Supplied material ::
*****

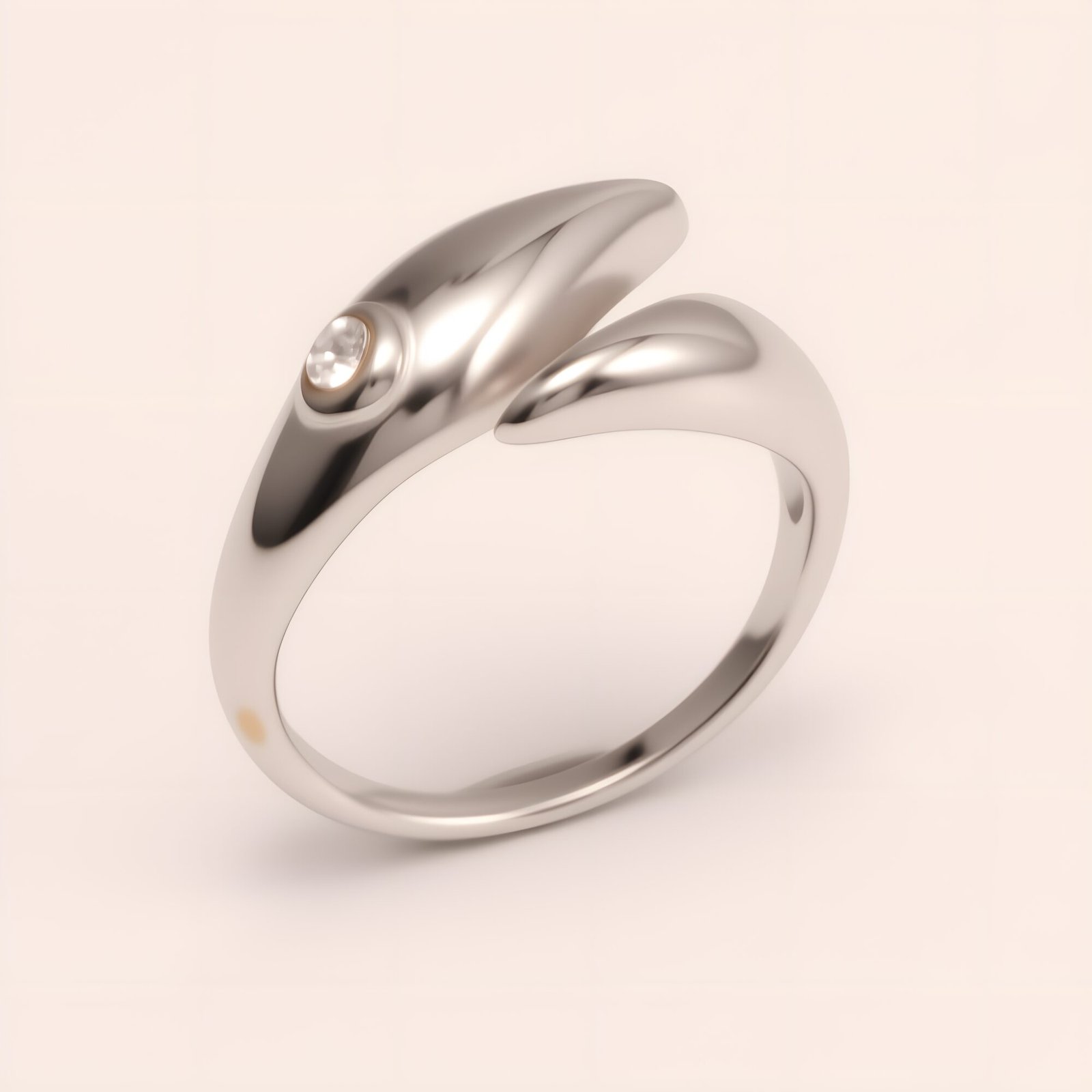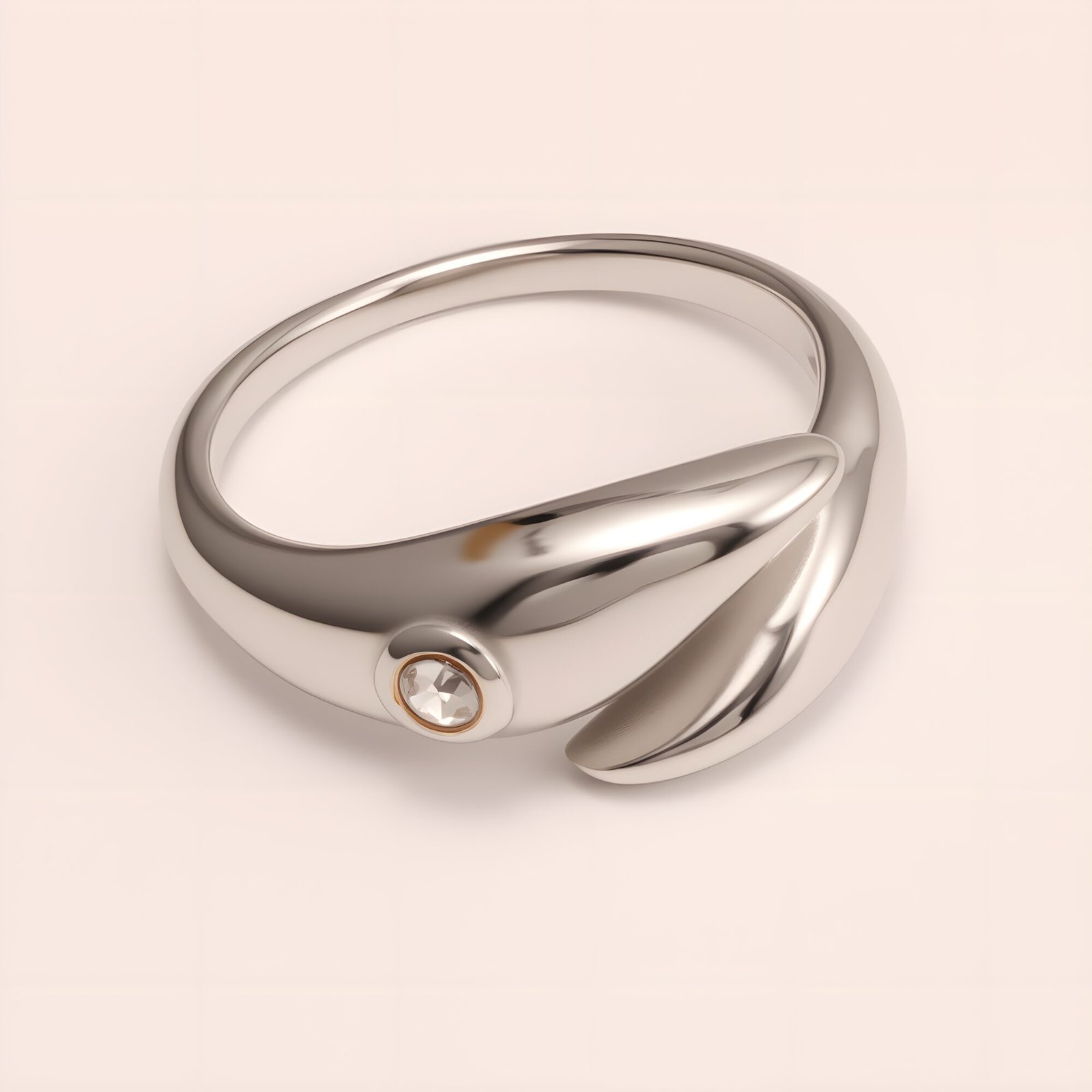 Minimalist Diamond – Set Streamlined Stainless Steel Ring – Trendy & Versatile Jewelry | G004275
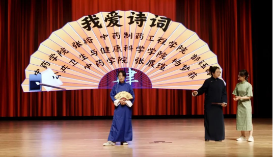 中药学院张裕、中药制药工程学院郜钰镎、公共卫生与健康科学学院杨梦菲、中药学院张展瑄作品《我爱诗词》
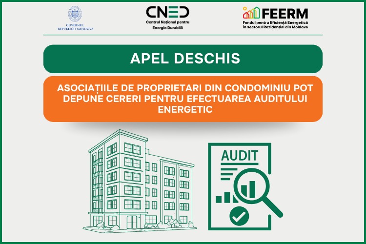Centrul Național pentru Energie Durabilă (CNED) anunță lansarea apelului de depunere a cererilor de participare pentru efectuarea rapoartelor de audit energetic pentru blocurile locative multietajate gestionate de Asociațiile de proprietari din condominiu (APC). Scopul acestui apel este de a sprijini APC-urile în evaluarea consumului actual de energie și identificarea soluțiilor eficiente de reducere a acestuia, prin implementarea măsurilor de eficiență energetică și valorificarea surselor regenerabile de energie. APC-urile care vor beneficia de suport în elaborarea raportului de audit energetic vor putea accesa, ulterior, finanțare pentru elaborarea documentației de proiect cât și implementarea măsurilor de eficiență energetică și valorificarea surselor de energie regenerabilă, cofinanțate prin programul guvernamental FEERM. „Evoluțiile acestui produs de finanțare din cadrul programului guvernamental FEERM ne-a determinat să intervenim cu unele ajustări pentru a oferi mai multă flexibilitate potențialilor beneficiari dar și o valorificare mai eficientă a bugetului alocat în acest sens. Totodată, intrarea în faza de implementare reală a proiectelor ne permite să ne axăm eforturile în scalarea produsului pentru a ajunge la cât mai mulți beneficiari care să poată să-și reducă pierderile de căldură, diminueze facturile la energie și să-și sporesc confortul", a declarat Ion Muntean, directorul Centrului Național pentru Energie Durabilă. Asociațiile de Proprietari din Condominiu care vor beneficia de Raportul de audit energetic vor fi eligibile pentru Componenta II - documentație de proiect, conform produsului de finanțare „Eficiența energetică a blocurilor locative", iar ulterior de a aplica la Componenta III - lucrări de construcții și obținerea unui grant de până la 70% din valoarea investiției eligibile prin Fondul pentru Eficiență Energetică în sectorul Rezidențial din Moldova (FEERM). Contribuția locatarilor reprezintă 30%. De asemenea, în funcție de gradul de vulnerabilitate energetică, proprietarii pot beneficia suplimentar de alocații din Fondul de Reducere a Vulnerabilității Energetice, acoperind între 15% și 90% din contribuția proprie. Pentru elaborarea Raportului de audit energetic APC va achita, în avans, o contribuție inițială de 10% din costul total al serviciului. Totodată, APC-urile care beneficiază de finanțare pentru auditul energetic trebuie să continue implementarea proiectului, participând la elaborarea documentației de proiect și executarea lucrărilor de construcții pentru realizarea măsurilor de reabilitare energetică a blocului locativ. În cazul în care APC nu depune cererea de finanțare pentru elaborarea documentației de proiect, aceasta va restitui integral costul Raportului de audit energetic suportat de CNED. Noutatea acestui apel este că sunt eligibile și clădirile date în exploatare după 2005, dacă acestea nu au implementat anterior lucrări de izolare termică a pereților și/sau acoperișului. Pentru a fi eligibilă în cadrul prezentului apel, fiecare APC trebuie să îndeplinească cumulativ următoarele criterii:
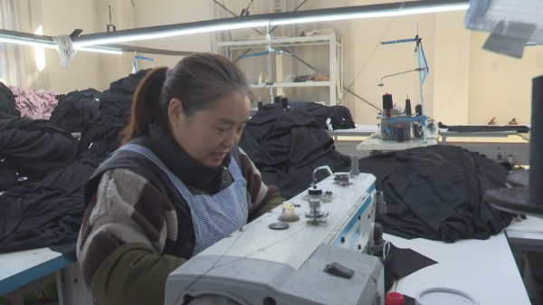 郸城县胡集乡贾集村帮扶车间主任姜素梅说:“我们厂建在村里最大特点是就业灵活,计件工资,时间自由。目前,我们60余名工作人员正在加班加点赶制一批6万件的外贸订单。”

*****

For this exercise, restate the material exactly and skip every picture.

Result for this task ::
 Minimalist Diamond – Set Streamlined Stainless Steel Ring – Trendy & Versatile Jewelry | G004275
 中药学院张裕、中药制药工程学院郜钰镎、公共卫生与健康科学学院杨梦菲、中药学院张展瑄作品《我爱诗词》
Centrul Național pentru Energie Durabilă (CNED) anunță lansarea apelului de depunere a cererilor de participare pentru efectuarea rapoartelor de audit energetic pentru blocurile locative multietajate gestionate de Asociațiile de proprietari din condominiu (APC). Scopul acestui apel este de a sprijini APC-urile în evaluarea consumului actual de energie și identificarea soluțiilor eficiente de reducere a acestuia, prin implementarea măsurilor de eficiență energetică și valorificarea surselor regenerabile de energie. APC-urile care vor beneficia de suport în elaborarea raportului de audit energetic vor putea accesa, ulterior, finanțare pentru elaborarea documentației de proiect cât și implementarea măsurilor de eficiență energetică și valorificarea surselor de energie regenerabilă, cofinanțate prin programul guvernamental FEERM. „Evoluțiile acestui produs de finanțare din cadrul programului guvernamental FEERM ne-a determinat să intervenim cu unele ajustări pentru a oferi mai multă flexibilitate potențialilor beneficiari dar și o valorificare mai eficientă a bugetului alocat în acest sens. Totodată, intrarea în faza de implementare reală a proiectelor ne permite să ne axăm eforturile în scalarea produsului pentru a ajunge la cât mai mulți beneficiari care să poată să-și reducă pierderile de căldură, diminueze facturile la energie și să-și sporesc confortul", a declarat Ion Muntean, directorul Centrului Național pentru Energie Durabilă. Asociațiile de Proprietari din Condominiu care vor beneficia de Raportul de audit energetic vor fi eligibile pentru Componenta II - documentație de proiect, conform produsului de finanțare „Eficiența energetică a blocurilor locative", iar ulterior de a aplica la Componenta III - lucrări de construcții și obținerea unui grant de până la 70% din valoarea investiției eligibile prin Fondul pentru Eficiență Energetică în sectorul Rezidențial din Moldova (FEERM). Contribuția locatarilor reprezintă 30%. De asemenea, în funcție de gradul de vulnerabilitate energetică, proprietarii pot beneficia suplimentar de alocații din Fondul de Reducere a Vulnerabilității Energetice, acoperind între 15% și 90% din contribuția proprie. Pentru elaborarea Raportului de audit energetic APC va achita, în avans, o contribuție inițială de 10% din costul total al serviciului. Totodată, APC-urile care beneficiază de finanțare pentru auditul energetic trebuie să continue implementarea proiectului, participând la elaborarea documentației de proiect și executarea lucrărilor de construcții pentru realizarea măsurilor de reabilitare energetică a blocului locativ. În cazul în care APC nu depune cererea de finanțare pentru elaborarea documentației de proiect, aceasta va restitui integral costul Raportului de audit energetic suportat de CNED. Noutatea acestui apel este că sunt eligibile și clădirile date în exploatare după 2005, dacă acestea nu au implementat anterior lucrări de izolare termică a pereților și/sau acoperișului. Pentru a fi eligibilă în cadrul prezentului apel, fiecare APC trebuie să îndeplinească cumulativ următoarele criterii:
 郸城县胡集乡贾集村帮扶车间主任姜素梅说:“我们厂建在村里最大特点是就业灵活,计件工资,时间自由。目前,我们60余名工作人员正在加班加点赶制一批6万件的外贸订单。”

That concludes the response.